Sechzehn Meter lang und fast zehn Tonnen schwer war der junge männliche Finnwal, der am 8. April 1825 an der Westküste Rügens strandete. Es war eine Sensation in der ländlichen Region nahe des Ortes Lieschow auf der Halbinsel Ummanz, die sich schnell herumsprach. Zum einen kamen Wale in der Ostsee äußerst selten vor, zum anderen wusste man damals noch nicht, um welche Walart es sich genau handelte. Obwohl Fischer bereits begonnen hatten, den Wal-Speck für den Verkauf abzutrennen, konnte das tote Tier letztlich für die Universität Greifswald erworben und geborgen werden. Später fanden sich die Rückenfinne und der Penis des Wals in einem Gasthof in Gingst.

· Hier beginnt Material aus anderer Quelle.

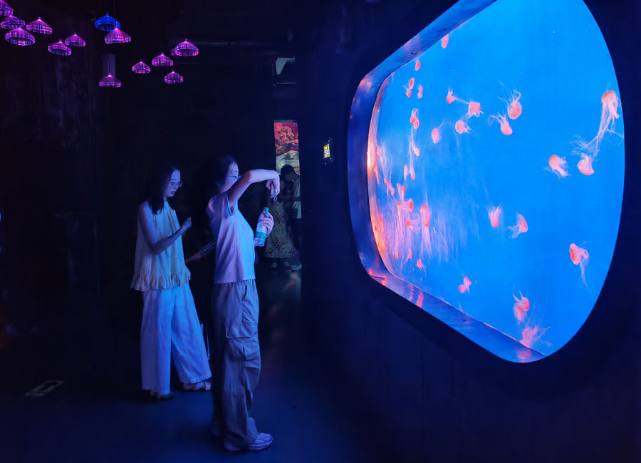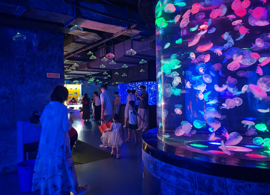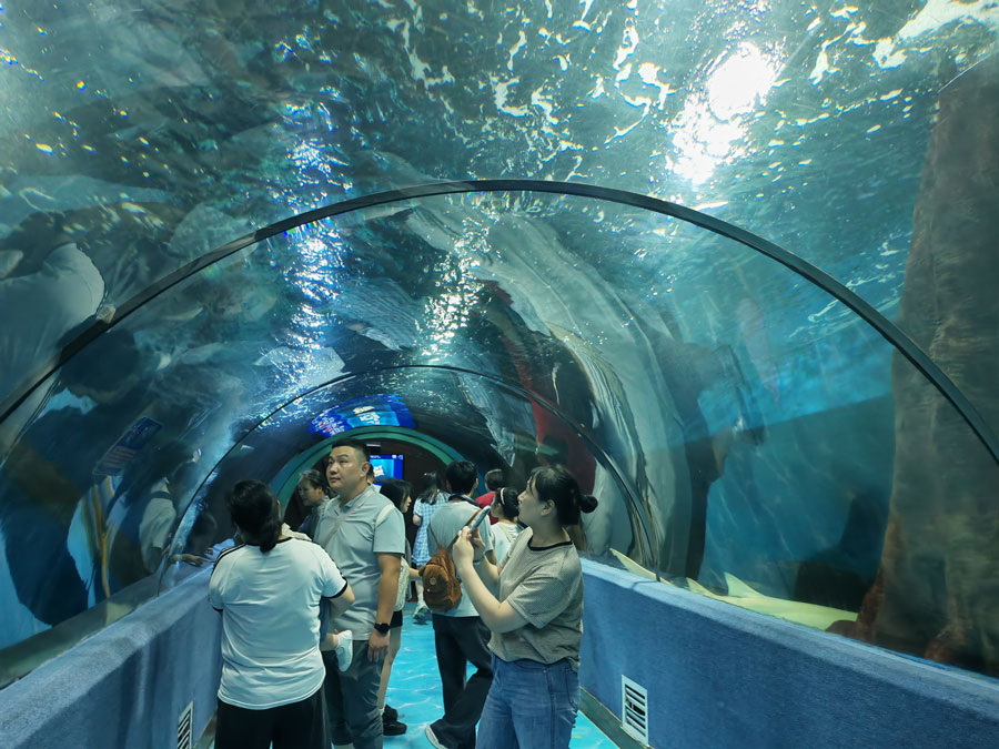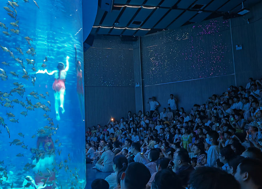 8月3日,中伏时节,暑气逼人。合肥海洋馆里清爽宜人、游人如织、热闹非凡。大人和孩子们观赏着丰富多样的海洋生物,体验着海洋世界带来的美好,流连忘返。美人鱼表演、海狮表演、海豚表演等吸引了众多观众,现场不时传出掌声和欢笑声。(贺鹏云 摄)
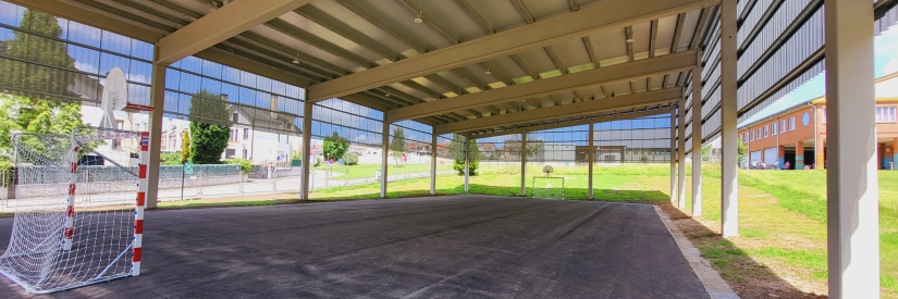Pista cubierta con porterías, canastas y con iluminación para realizar diferentes juegos y deportes.

Bereits am 18. April 1825 machte das Tier auf dem schwierigen Transport nach Wieck bei Greifswald in Stralsund Zwischenstopp und wurde „zur Befriedung der Wißbegier des Publikums“ zur Schau gestellt. In Greifswald untersuchte und skelettierte man den Kadaver. Die schwer zu entfettenden riesigen Knochen füllten mehrere Tonnen in den beengten Fluren des Anatomischen Instituts. Nachdem das Skelett endlich entfettet war, konnte es zusammengesetzt und ausgestellt werden. Ende des 19. Jahrhunderts kam das Skelett in das Zoologische Institut und Museum der Universität Greifswald. Es tropfte dann dem Direktor Jahre lang auf den Schreibtisch. Eine vollständige Entfettung der Knochen war damals nicht möglich. So berichtete es Gerhard Schulze, Diplombiologe und ehemaliger stellvertretender Direktor des MEERESMUSEUMs.
1968 wurde das Skelett schließlich dem MEERESMUSEUM übergeben, professionell überarbeitet, vollständig entfettet und neu montiert. Seit 1974 hängt es im Chor der Katharinenhalle. Vier Jahre später konnten drei weitere Präparate des Wals, darunter der Penis, vom MEERESMUSEUM übernommen werden. Sie wurden zusammen mit dem Skelett und Erklärungen zur Strandung des Wals ausgestellt. Im Jahr 2011 wurde das größte biologische Ausstellungsobjekt des MEERESMUSEUMs nochmals umfassend restauriert, erhielt eine neue Aufhängung und anatomische Korrekturen. Die Modernisierung des MEERESMUSEUMs ab dem Jahr 2020 überdauerte das Skelett gut verpackt als eines von wenigen Exponaten an Ort und Stelle.
Die Historie dieses besonderen Sammlungsobjekts zeigt, dass wissenschaftliche Erkenntnisse und museale Vermittlungstechniken sich ständig weiterentwickeln. Ergänzt um so manche Anekdote, ist die Geschichte des vor 200 Jahren gestrandeten Finnwals wohl noch lange nicht auserzählt. Es heißt sogar, an diesen Exponaten nahm die deutsche Walforschung ihren Anfang.